Anthropologist Javier Lezaun discussed the management of air and climate through the prism of mosquito control. Lezaun described four main techniques to cope with mosquitos while alluding to both their theoretical and practical implications and significance. Among these techniques he referred to natural means to eliminate mosquitoes including the use of smoke and specific plants, chemical methods including repellents, design and architectural methods. The question of how the air around a human was managed through the use of such technologies led Lezaun to consider at a larger scale how geo-engineering today aims to tackle climate change by reorganising gases from the atmosphere and treating the atmosphere as a new frontier of extraction.

Netta Cohen, a Junior Research Fellow in history at Christ Church College, argued that the distinction between air and climate as different atmospheric realities is based on the principle of scale. While air is perceived as a local and tangible reality, climate is usually looked at through larger territorial units (often even global ones) and is understood as a theoretical concept. According to Cohen, the birth of climate as a concept goes back to the first colonial encounters of westerns with new and unfamiliar environments. Cohen also referred to contemporary ‘successes’ in air management during the corona crisis and called for downscaling climate in order to gain similar results in the fight against climate change.

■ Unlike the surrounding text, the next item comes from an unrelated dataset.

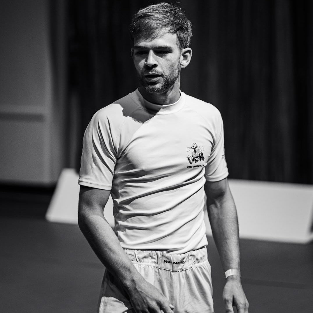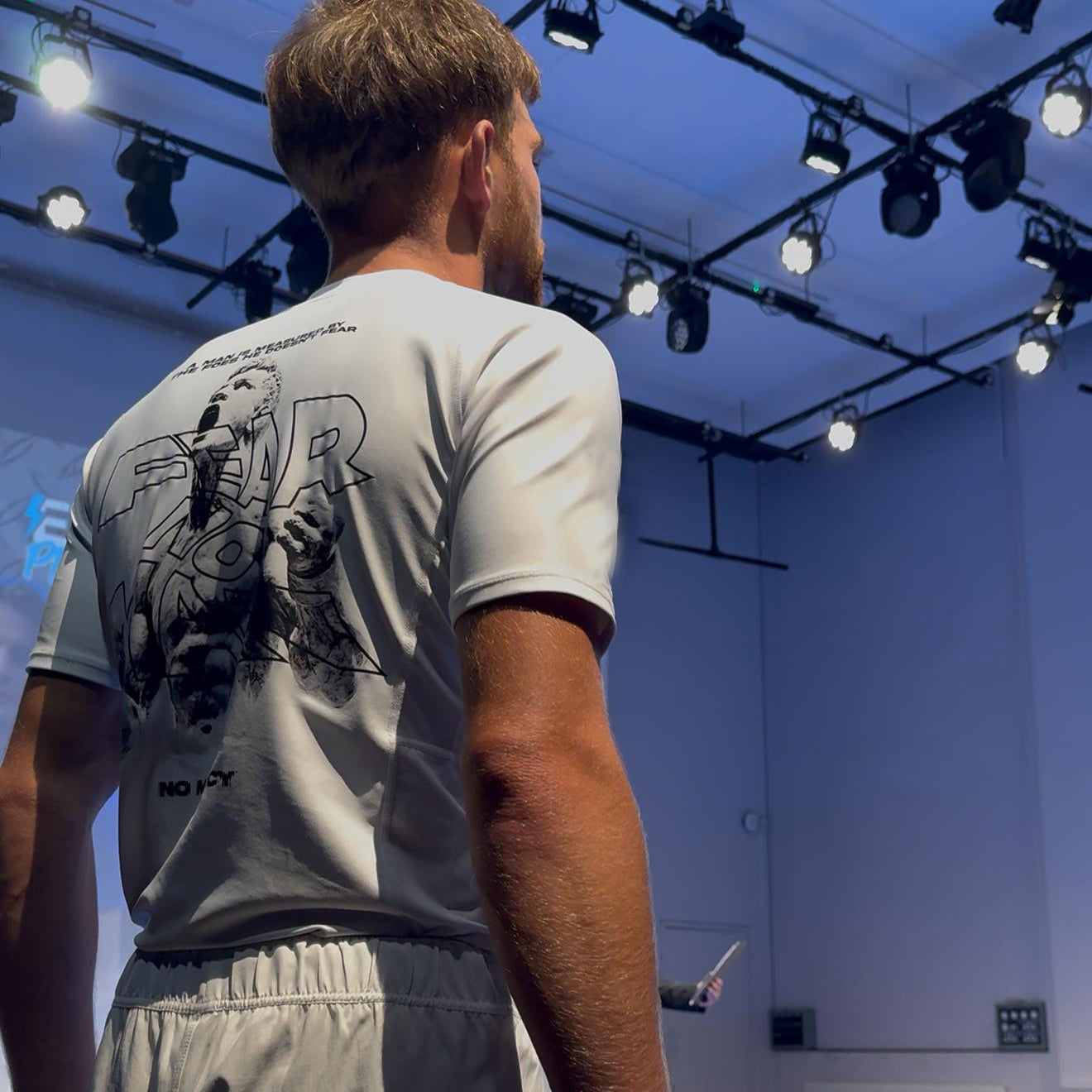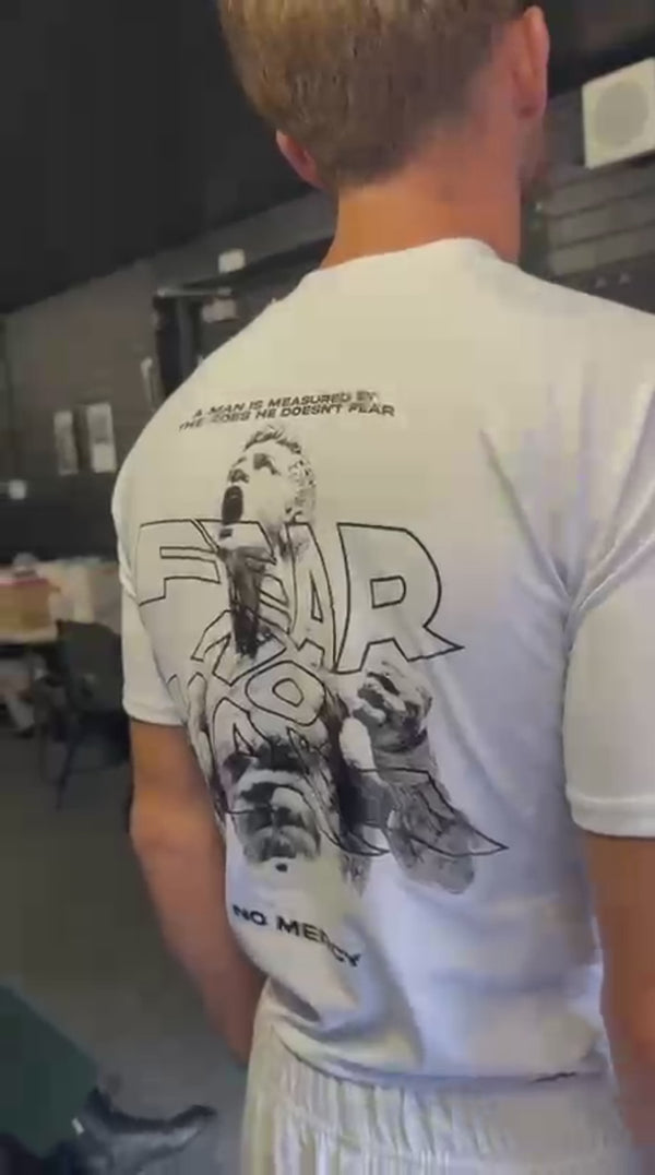 At the core of the design, a striking illustration of a man shouting in victory embodies the spirit of triumph under pressure. Below it, the bold “Fear No Man” statement and the No Mercy logo seal the rash guard with unrelenting intent. The clean white base makes the artwork stand out, delivering a fearless presence on and off the mats.

The political scientist, Michael Drolet, presented his recent work on the late-nineteenth-century relationship between political thought, science and utopian ideas in France which were associated with the improvement and management of air and climate. He pointed to a shift between the legacy of the eighteenth-century physiocracy conception of political economy grounded on agriculture toward the over-exploitation of earth which led to the marginalisation of this idea of circular economy. Drolet referred, among other things, to the perceived role of forests in fixing climates and air quality both in the metropole and in the colonies, feeding the awareness of the consequences introduced by this new management of nature (for instance the deforestation of ile Maurice).

In all, the meeting underlined the importance of discussing the concepts of air and climate across different fields of history as well as across different disciplines. It explored the different layers of the materiality of air, from local to global climate management. On the one hand, there was discussion of the "small-scale" of atmosphere technical management including the distinction of the domestic sphere and indoor/outdoor spaces; while on the other hand there was also a focus on the long-term legacies and shifts in dealing with air in the  management of global resources (such as forests), economic growth and colonial expansion. Territorialisation also emerged as a crucial issue. Speaking of airs in the plural seemed to reflect the fact air has long been locally defined (such as waters or winds) through its locality and peculiarity.

What ultimately emerged from these interfiled and interdisciplinary discussions was the importance of treating air and climate as historically contingent concepts - that is, as concepts that have changed meaning over time and place. Reflection on how the categories of air and climate have changed in different times and places will help researchers reflect on the assumptions embedded in these categories today. Such reflection is particularly timely given the current context of air management associated with covid-19 and the climate management linked to the current era of anthropogenic climate change.